In this vignette we demonstrate different ways in which longitudinal cluster models can be internally validated.
We explore the latrendData
dataset. This is a synthetic dataset for which the reference group of each trajectory is available, indicated by the Class
column. However, in this vignette we will assume that the true group specification and number of groups are unknown. Instead, we have a candidate model which we wish to validate internally.
data(latrendData)
head(latrendData)
#> Id Time Y Class
#> 1 1 0.0000000 -1.08049205 Class 1
#> 2 1 0.2222222 -0.68024151 Class 1
#> 3 1 0.4444444 -0.65148373 Class 1
#> 4 1 0.6666667 -0.39115398 Class 1
#> 5 1 0.8888889 -0.19407876 Class 1
#> 6 1 1.1111111 -0.02991783 Class 1
Specify the package options to adopt the respective column names of the loaded dataset, for convenience.

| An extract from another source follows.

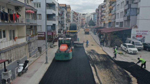 Vatandaşların yaşam konforunu arttırmak için yatırımlarını sürdüren Aydın Büyükşehir Belediyesi, Kuşadası İki Çeşmelik Caddesi'nde de sıcak asfalt serimi çalışması gerçekleştiriyor. Ekipler, asfalt seriminin ardından şerit çizgilerinin çizilmesi ile çalışmalarını tamamlayacak.
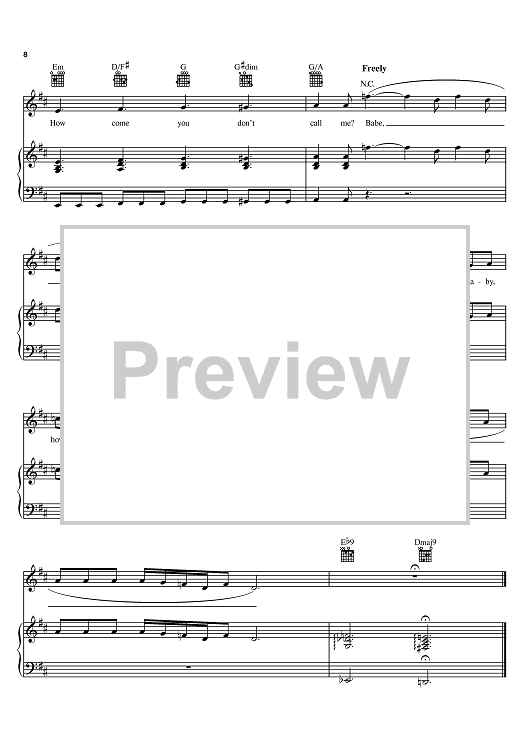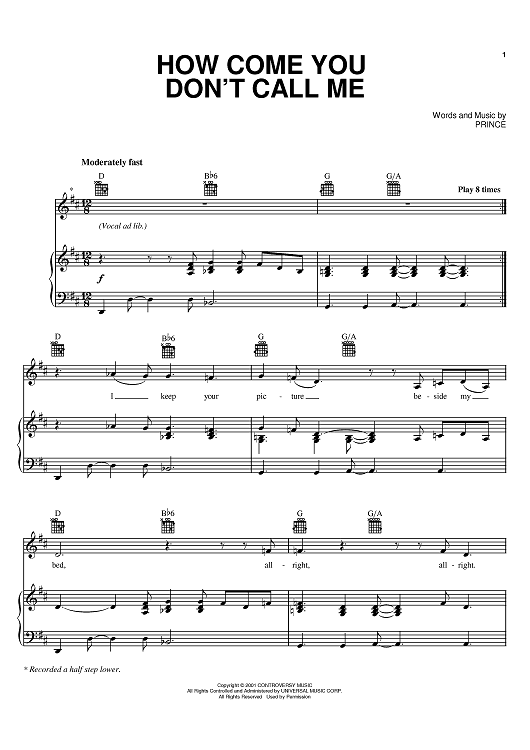 Digital Sheet Music for How Come You Don't Call Me by Prince, Alicia Keys scored for Piano/Vocal/Chords; id:388617

We consider a KML model with 3 clusters to be our candidate model that we will validate. We defined the method with a reduced number of repeated random starts (as indicated by the nbRedrawing
argument) in order to reduce the computation time needed in the repeated evaluations below. This is only done for demonstration purposes.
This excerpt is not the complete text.